Around nine-thirty, James let himself in quietly and went upstairs without greeting her. After all that ear-straining, she hadn’t heard his car at all, and was only alerted to his presence by the sound of his feet on the stairs. For a while she sat on in the living room, waiting for him to come back down. When nothing happened after ten minutes, she had no choice but to follow him upstairs.
“James, what are you doing up here?” she called softly from the dark passageway. Maybe he was looking in on the children. Such little angels, when they were asleep. She would kill him with her bare hands if he woke them up.
“James?”
Was he going to punish her with the silent treatment?
But then, in a perfectly normal voice, he called quietly, “In the bedroom.”
And there he was, in the room where the children had been conceived, packing a suitcase very neatly and methodically. Even then she didn’t panic; after all, he was always going off on business.
But when he looked up, the expression on his face stopped her cold.
At that precise moment, she began to appreciate that the damage was far worse than she could ever have imagined.
“Do you have an early start in the morning? Is it Scotland again?” she asked in a scratchy little voice.
“No, I’m leaving tonight.”
“But — do you have to be on site at dawn or something?”
He shook his head. “No, I mean I’m leaving home. Leaving you,” he added for the sake of clarity, smoothing down an armload of silk ties to his satisfaction.
“
Leaving
? You mean, like — like walking out on me? What . . . because of that stupid e-mail?” She could barely talk at all now, her throat felt so tight. Why had she ever stopped noticing how beautiful he was, how smooth his skin, how excellent his teeth, how glossy his hair?
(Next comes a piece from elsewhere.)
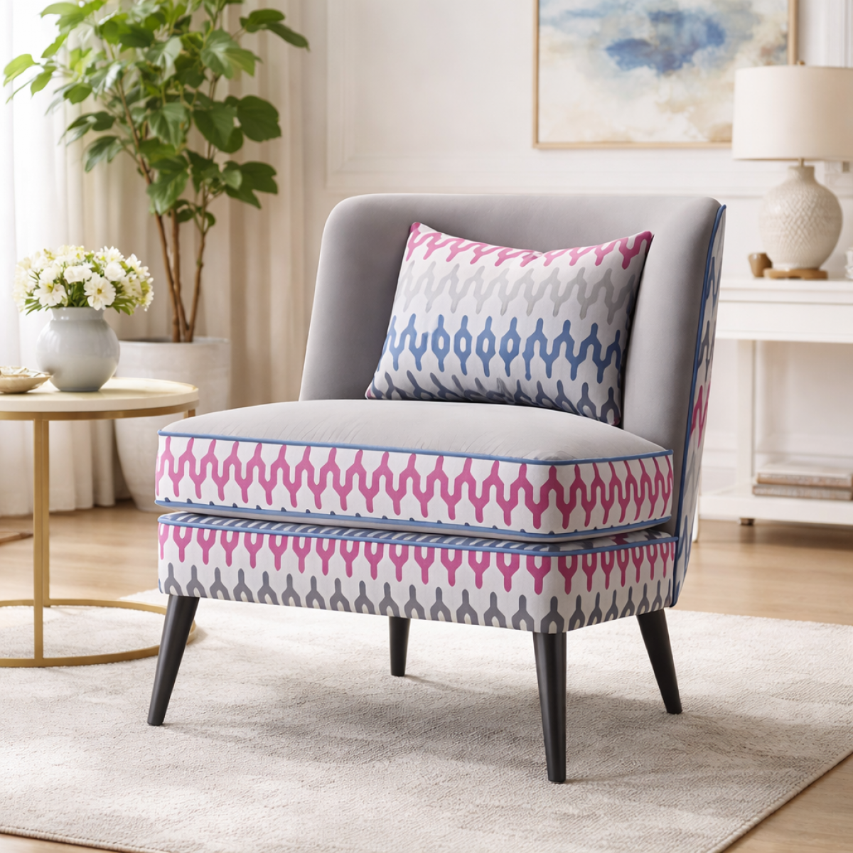 Luxuriöser Designer Polster-Akzentstuhl mit geometrischer Zierleiste und schwarzen konischen Beinen spiegelt moderne europäische Kunstfertigkeit durch Textur, Proportion und maßgeschneiderte Details wider. Dieser luxuriöse Polsterstuhl verfügt über eine sanft geschwungene Rückenlehne und einen großzügig gepolsterten Sitz, der in feinem neutralem Stoff bezogen ist. Die auffällige geometrische Zierleiste in kontrastierenden Tönen rahmt Sitz und Basis ein und verleiht Dimension und visuelles Rhythmusgefühl. Erhöht auf schlanken schwarzen konischen Beinen, verbindet dieser skulpturale Luxusstuhl dekorative Eleganz mit architektonischer Klarheit und macht ihn sowohl komfortabel als auch optisch ansprechend.

For a moment his hands stopped fussing with clothing and he took a piece of paper out of the breast pocket of his jacket. He hadn’t even removed his jacket, she registered with some remote part of her mind; he really meant business.
He’d printed the damned thing out. He must have been reading it over and over again. Already it had a grubby, much-fingered look.
“Give that here,” Lizzie gasped and snatched it out of his hands. Then, with amazing ferocity, she tore it into a million pieces — or at least ten. “It was a mistake, that’s all, just a stupid mistake . . .”
“Yes, of course it was, and you can explain everything, right?”
“Yes, and don’t make me sound so bloody predictable,” she hissed, remembering, but only just, to keep her voice down. “Look, I really messed up; I should never have written any of that down. You see, it means less than nothing!
Less
than less than nothing. It was just a rant — I was just letting off some
steam
, for God’s sake. Girls say stupid things like that to each other all the time, but we always know it’s nothing
serious
. And now you’re blowing it all out of proportion . . .”
“Lizzie, don’t try to make this my fault,” James said quietly. He was so calm, and that was the worst thing of all. “It’s all there, in black and white. I’m not sticking around where I’m not wanted. What’s the point?”
“Rubbish, James, it was the hormones talking. Nothing’s wrong with our marriage except I got all introspective and weepy at the wrong time of the month . . .”
James sighed and began moving steadily again between the closet and his suitcase. “No excuses, Lizzie. I’m just beyond all that now. The note couldn’t have been plainer. You want me gone. Well, I’m going.”
She began to see that he was rather angry but hiding it very, very well. Anger was good. It was closely related to passion, after all. Perhaps this was the moment for her big move.
She made a dive at his hand, trying to grasp it in hers, but it was impossible to wrestle him away from his socks and boxers. He fended her off gently and resumed his packing.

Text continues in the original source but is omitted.